Now I understand that some people will be appalled, just on general principle, at the idea of attaching a purposely cheap, plastic lens to a high-end, full-frame camera. They just don’t see the point. The Canon 5D MKII can deliver crisp, beautiful images when coupled with ordinary glass, so why go messing things up by putting a defiantly low-tech piece of plastic on there?
I get this objection, but I am just camera-curious. I know what my camera can do with perfect light at f/8 and everything composed just-so. But, I like to mess around with other possibilities. Some will immediately dismiss the Holga Direct HL-C lens as a faddy bit of nostalgic junk. For my part, I get bored with “perfect” images in the classical sense and really enjoy tweaking my shots in post or exploring a new technique that deviates from the standard, photography textbook approach to thing.
For a long while I have been trying to achieve some of the low-fi charm of the Holga (or others like it) using software. But, the chance to make some of those adjustments “in camera” is very appealing. And on top of that, the HL-C will only set you back about $26. In fact, I bought mine with some Amazon points I had accrued, so it basically cost me nothing.
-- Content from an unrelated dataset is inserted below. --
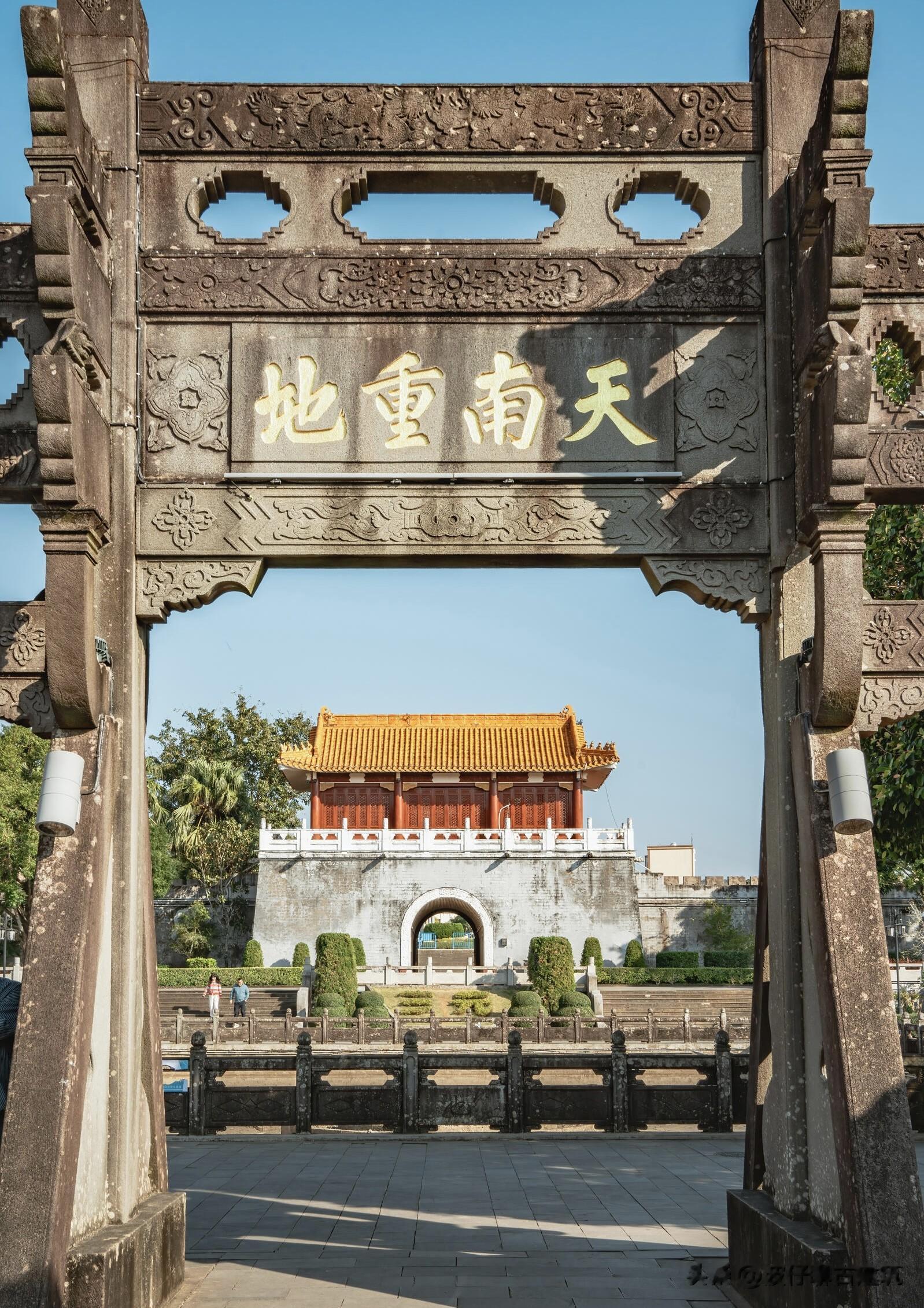 以三元塔为核心建起的三元塔公园,免费向所有人开放,没有门槛,没有喧嚣,是老城最舒服的去处。从正门进去,最先映入眼帘的是仿古城楼广运,城楼不算高大,却透着古朴的厚重,穿过门洞,一汪鉴池静静铺展,水面平静如镜,把古塔的影子完整地收在水里,风一吹,塔影晃动,像是时光在轻轻摇晃。池后的石牌坊格外醒目,四个苍劲有力的大字天南重地,刻在石头上,也刻在雷州的历史里。雷州古称海康,很长一段时间里,这里是雷州半岛的政治、文化、经济中心,是中原文化与海洋文化交汇的地方,是管控南疆、联通海外的关键所在,天南重地这四个字,不是虚名,而是千百年历史沉淀下来的分量。站在牌坊下抬头看,塔身笔直,牌坊沉稳,池水清澈,三者连成一条轴线,像是一条穿越时空的通道,一头连着明代的工匠与文人,一头连着今天的我们。

Now, to the lens itself. I already had the Holga Direct Pinhole lens (which I bought accidentally when I thought I was getting the HL-C). In essence, you have the front piece from the both beloved and decried Holga, medium-format camera, it is just built to fit on a Canon EF mount. There is no aperture, but the literature says you are getting about f/8. The focus is manual and reminiscent of disposable cameras where the focal range is marked out in little symbols that correspond to what you are shooting— a single person’s torso means close up, a mountain symbol means far away (or focused to infinity).
The guide that the HL-C ships which tells you what these four focal icons mean in meters but you are better off just guessing based on the icons. This is because you really can’t see a damn thing through the HL-C. Even in decent mid-day light it is hard to detect the subjects in the frame. That is really my only complaint with this cheap little beauty; composition is a bitch. I imagine that this is a legacy of the medium format camera from whence the original lens design came. On the original Holga (a light-leaking, all plastic, Chinese made, mass-market camera) you composed through a view finder where the image did not pas through the lens, much like a rangefinder-style set up. In that configuration, it really isn’t important wether the view though the lens is clear because it just passes light straight to the film.
The HL-C, by design, is a guessing game. And though the manufacturer states that the effective f-stop is f/8, it sure seems lower to me. The shot here was at ISO 1600 to give you an idea of just how little might actually get through. It should almost go without saying that there is no auto focus confirmation with the HL-C. Many manual lenses have a chip that allows the camera’s AF system to determine if your imagine is in focus, but not so with the HL-C. I doubt that Canon’s AF system would work even if their was a chip because of how little light get through, but that is just speculation.
The lead shot on this post is the same image, tweaked in Aperture for color separation, exposure compensation and some highlight recovery. I then played with it in Nik’s Color Efex Pro 4 to give it more of a film look and restore some of the original vignette which had gone sort o green. Then I passed it through Dfine 2 to remove some of the noise the had popped up.
Just for fun, I played with the original shot in Nik’s Snapseed for Mac desktops. Snapseed is a life saver on iOS devices but it is nice to have it on my main computer just for ease of editing. I also wanted to see the differences between Snapseed and the more expensive and complex Color Efex Pro 4. But, that is probably a subject for another post. I’ll say briefly that the desktop version of Snapssed is as good as the iOS version but has the same limitations inherent in a simple piece of post-processing software. I also included a zoomed crop of part of the image just to demonstrate the resolution of the lens.
In conclusion, the HL-C is pretty much what you would expect. It heavily vignettes your shots, produces soft photos and renders colors very palely and skews purplish. However, for $26 bucks you can’t really go wrong. I don’t know of any cheaper lens out there. And, if you appreciate a certain low-fi appearance to your images and want to accomplish some this before you start manipulating your shots then the HL-C is a good option. Plus, it has a certain smoothness that you lose when trying to get an aged effect on crisp original photos.
Overall, the price point makes this lens a good option for just about anyone but it is tough to work with so be prepared for some frustration. If you’re an odd lens fetishist (read, hoarder) then go for it. But, pristine snappy pictures will not be produced by the HL-C.